There's plenty of endurance at the end of the story. A few characters die and a few things get smashed, but nothing much is accomplished beyond radicalizing the most powerful players a few steps more, and sending them back into the age of gray threats. History repeats itself, and very much informs the present, but it's unknown whether anyone learns from history. "Maybe next time," shrugs the denouement.
It's logical enough material for writer Peter Milligan - here, his career-spanning theme of identity is blown up extra-wide to cover national identity, and it's not a happy picture. His American superheroes find themselves either transformed into immovable ideologues or dead for their hesitation, while the Communist contingent sort of frowns and melts into one another - tough being the avatar for your nation. It's garish and angry, more than happy to link uses of Nazi-developed technology to a perceived inclination toward fascism, and allows precious little hope for substantive personal improvement under the lumbering of government conflict narratives. No war heroes in this one, that's for sure.

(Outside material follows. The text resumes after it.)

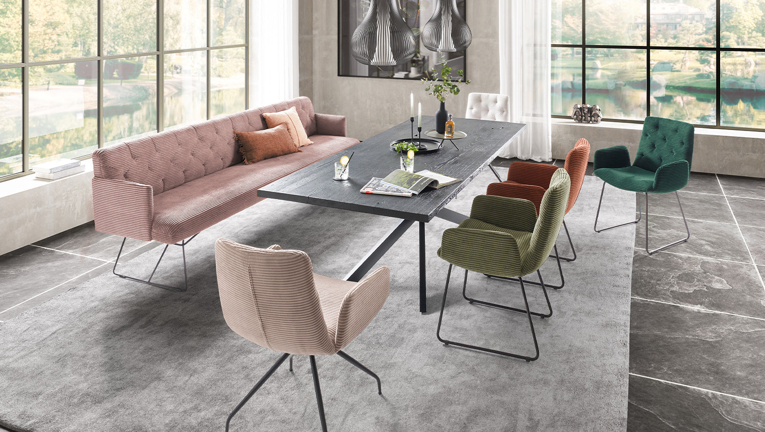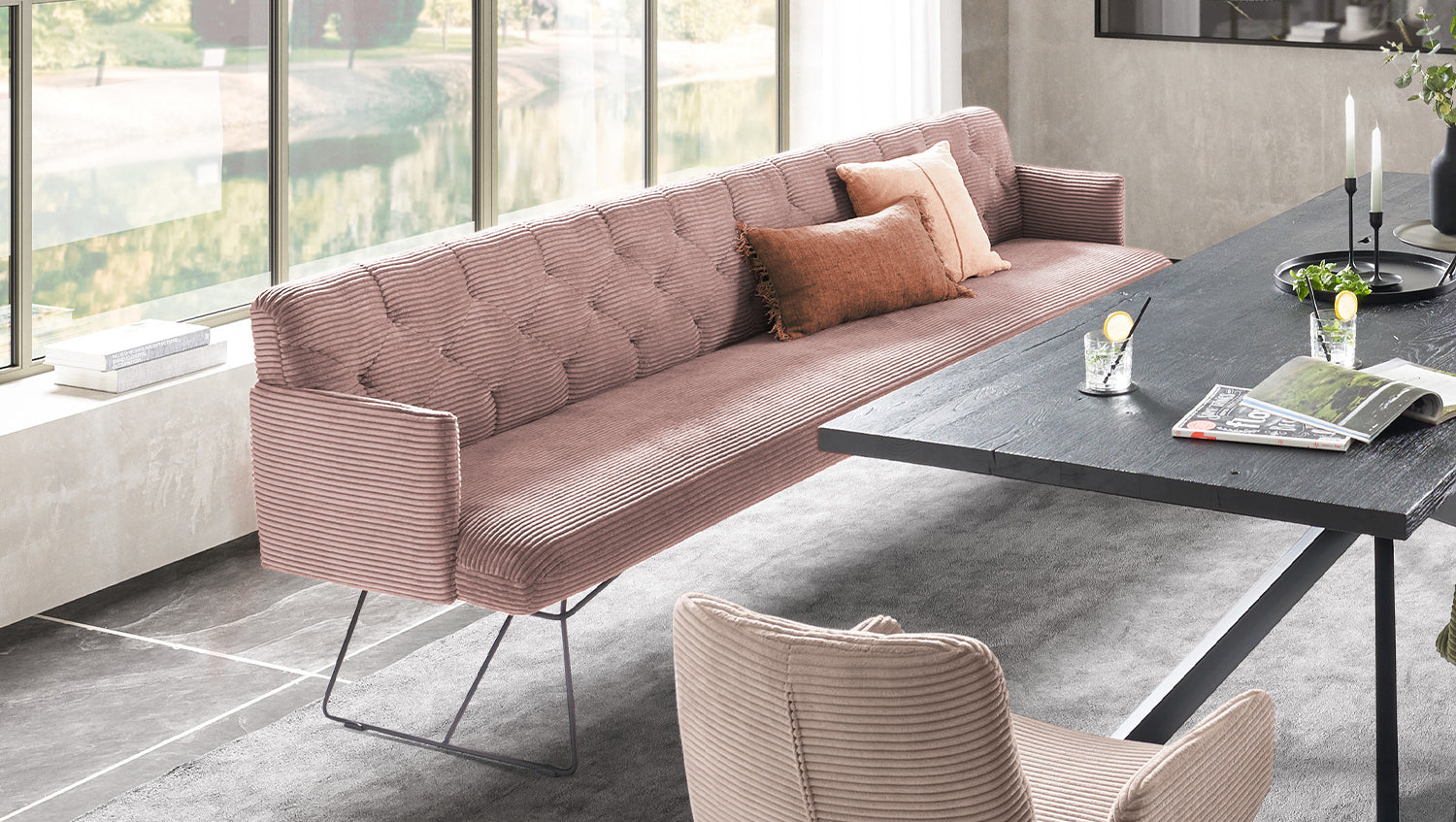 Banco de comedor KAWOLA CHARME Pana rosa
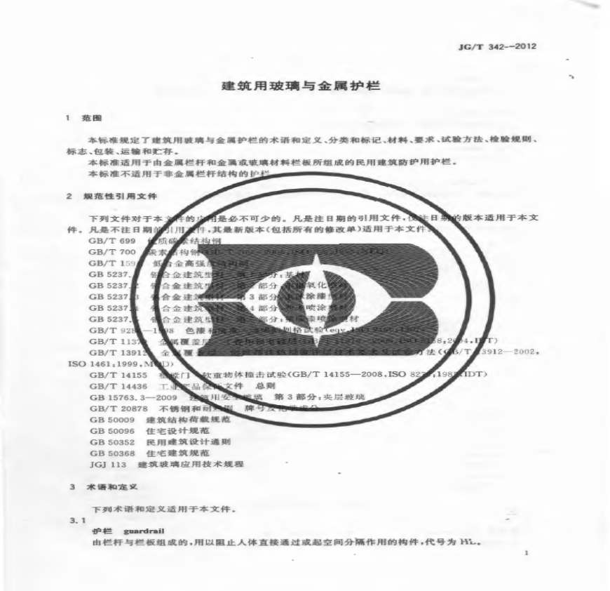 JG 342-2012-T 建筑用玻璃与金属护栏资料下载,喜欢的朋友可以下载收藏!

But there's nothing all that striking or revealing about the conflict either. Milligan's character work has tended toward the shrill for much of the series, with characters choking statements of purpose in each other's directions and flashing back to predictable intrigues - only Milligan's Senator Joe emerges as compellingly conflicted, among national uprisings that offer little more than additional opportunity for blunt thematic chit-chat. Also: chases and hitting.
This particular issue is heavy on the hitting, all hazy and smoldering in sickly hues. Artist C.P. Smith -- with Jonny Rench on colors for issues #1-5 -- has seemed determined to make this the oddest looking superhero thing DC has released in a while, as visually loud as Milligan's script can be nasty, and there's been some striking, weird power at work (man, was the end of issue #10 a homage to Shatter?!).
Yet it also effectively supercharges Milligan's dialogue-heavy sequences and character moments, exacerbating their screechy tone. And all the lovingly blocky textures at hand can't entirely cover for the problems Smith shares with a number of artists who work with heavy realist character drawings: lots of stiff poses and distractingly 'acted' facial expressions, which don't help the flow of an action-heavy issue at all.
In that way, there's been a conflict between the story and art too - they sort of match, but also bring out the worst in one another, much like Milligan seems to say America's most enduring conflicts bring out the worst in it. If only there'd been a better way to get the message across. EH; issue and series, now and forever.